Al impulso de este mismo pensamiento, Rayo de Oro y Astro Rojo, ordenaron a sus servidores que los aproximaran uno a otro.  Cuando ambos niños se vieron cerca, se extendieron los brazos desfallecientes y, en un abrazo sangriento inmensamente sublime, sellaron la tragedia vivida por sus dos pueblos. Cuentan que en ese momento sucedió algo extraordinario.  Del seno de la tierra brotó un formidable estruendo.  Se abrió la corteza y del abismo negro brotó a la superficie una inmensa figura de mujer.  Era el genio de la tierra o sea la Pachamama.  Su majestuosa figura estaba aureolada de una luz suave que bajó del cielo aún estrellado del amanecer, mostró a los mortales toda su esplendidez de diosa.

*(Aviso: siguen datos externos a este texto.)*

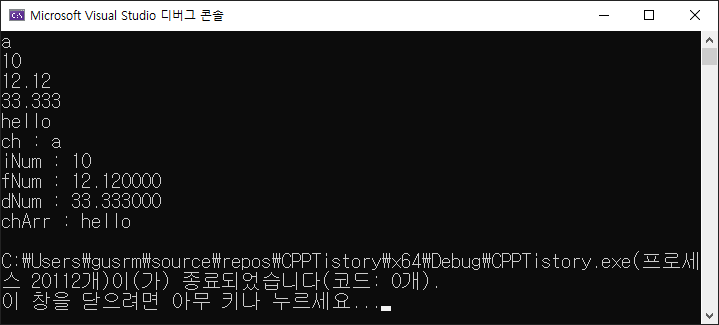 이제 사용자로부터 각 자료형의 변수들을 입력받고 출력해보는 간단한 프로그램을 살펴보겠습니다.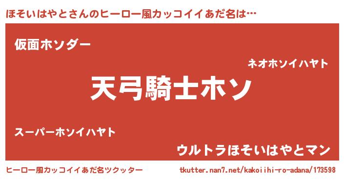 | 胡散臭い通販商品みたいなあだ名 | 『全米が絶賛したサプリメント…その名も「ほそいはやと」』 |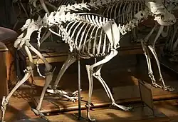 Assim como em todos os mamíferos, as funções de sustentação, proteção e locomoção são executadas pelos esqueletos ósseo e muscular. Igualmente aos seres humanos, os cães possuem estrutura básica, cujos níveis encontram-se nas alturas escapular e pélvica, uma para os membros superiores e outra para os membros inferiores. A diferença encontra-se no fato das duas alturas servirem para a locomoção canina, ao passo que só a inferior é utilizada na locomoção humana. Para andar, os caninos dependem dos graus articulares, mas principalmente do sistema neuro-muscular, que exerce as suas funções de contração e relaxamento, graças a ligação ao sistema nervoso e as superfícies articulares do esqueleto ósseo.[54] Suas patas, fundamentais na locomoção, têm nos coxins a única parte da pele com glândulas sudoríparas, o que ajuda a mantê-las flexíveis. São ainda pouco sensíveis ao frio e ao calor, o que lhes ajuda quando em situações mais rigorosas,[39] bem como possuem entre quatro e cinco dedos, o que proporciona sensibilidade, adaptação e aderência muito boas. Em comparação ao cavalo, outro forte animal domesticado, o cão é ainda um melhor saltador, devido a sua musculatura, e possui uma coluna mais flexível.[55]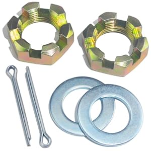 - Pack contents: 2 sets, total 6 pieces: 2 spindle castle nuts, 2 washers, 2 cotter pins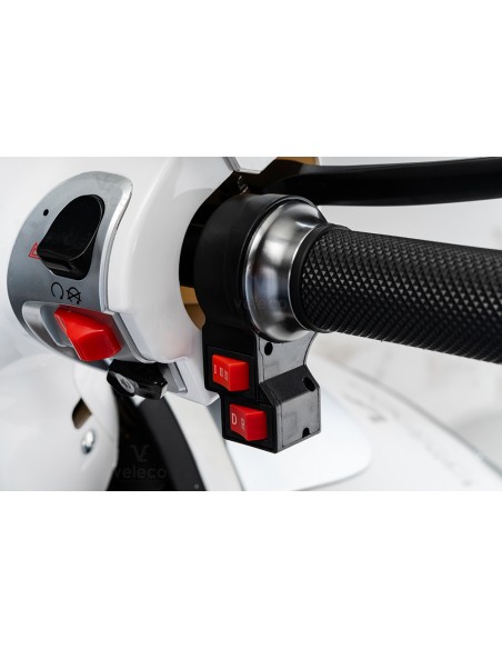 Monté sur les accoudoirs du scooter et un siège confortable assurent une position de conduite confortable.
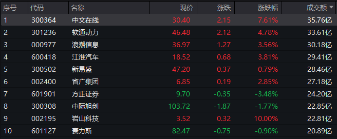 沪深两市半日成交额5783亿,较上个交易日同期放量833亿。个股方面,中文在线成交额35.76亿元居首,软通动力、浪潮信息成交额均超30亿元,分别为33.61亿元、30.18亿元。江淮汽车、新易盛、省广集团成交额均超25亿元。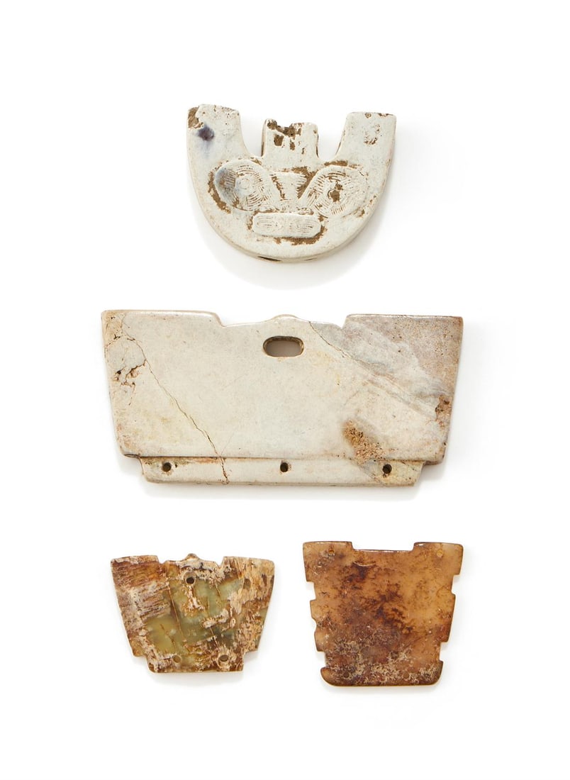 A GROUP LOT WITH FOUR RARE JADE AND BRONZE HARNESS ELEMENTS, EASTERN ZHOU DYNASTYMar 12, 2026RARE GROUP OF THREE JADE ORNAMENTSHONGSHAN CULTURE, NEOLITHIC PERIOD (C. 3500-3000 BC)3 days LeftSIX WHITE JADE STONE PIECES IN CELADON COLOR3 days LeftA FOUR-PIECE BEIGE AND BROWN JADE SWORD FITTING SET, WESTERN HAN DYNASTYMar 12, 2026Collection of Six Carved Jade PendantsFeb 28, 2026FOUR CHINESE CARVED JADE ITEMS.2 days Left6 Chinese Carved Celadon Jade FiguresMar 14, 2026A SET OF ANCIENT JADE LIANGZHU CULTURE ARTIFACTSMar 07, 20266 Chinese Carved Celadon Jade FiguresMar 14, 2026Chinese Carved Stone Sculptures, 4Apr 14, 2026A RARE AND COMPLETE SET OF FOUR WHITE JADE 'SWORD FITTINGS' WARRING STATES TO HAN DYNASTY (4TH3 days LeftThree Chinese Soapstone Carvings GroupFeb 28, 20264 Vintage Chinese Carved Jade PendantsFeb 27, 2026Ancient jade artifacts, 4 jade dragon hooks5 days LeftA SET OF ANCIENT JADE SWORD FITTINGSFeb 28, 2026PRE-COLUMBIAN GROUP OF THREE MAYAN CARVED SHELL PENDANTS4 days Left

El genio de la tierra se aproximó solemnemente hacia el grupo de los dos niños agonizantes y les habló así: Vuestros padres, no contentos con haber causado tantos estragos, os han empujado a vosotros por el camino de la guerra más criminal e injusta.  Pero, yo castigaré su orgullo.  Mirad - y les mostró dos estrellas inmensas y blancas que comenzaron a palidecer en el cielo.  Eran las que simbolizaron el poder de sus padres. Cuando Rayo de Oro y Astro Rojo levantaron sus ensangrentadas cabezas hacia el cielo, vieron que ambas estrellas comenzaron a temblar como si las estuvieran desprendiendo del firmamento.  Un instante después se precipitaron vertiginosamente sobre la tierra.  Al caer ellas, sé oyó un terrible estallido.  Las estrellas de Illampu e Illimani, convertidas en masas inertes y opacas, sin más brillo que su blancura de nieve,  habían caído a tierra sobre sus respectivas capitales, incrustándose sobre las rocas de los Andes, la una hacia el Norte, y la otra hacia el Sur. 

En cuanto a vosotros,  —añadió la Pachamama - hijos  inocentes,  que jamás debierais haber servido la criminal ambición  de  vuestros  padres, después de muertos seréis símbolo, en la luz de vuestras estrellas roja y oro, de un pueblo que aquí vivirá más tarde: Ese pueblo tomará para su bandera el rojo y amarillo y lo unirá al verde que es esperanza.  Estos tres colores serán el emblema de amor y fraternidad; pero ¡ay! de este pueblo, si como vosotros mantiene rivalidades por la  luz de una lejana estrella o se divide en querella  regionalista.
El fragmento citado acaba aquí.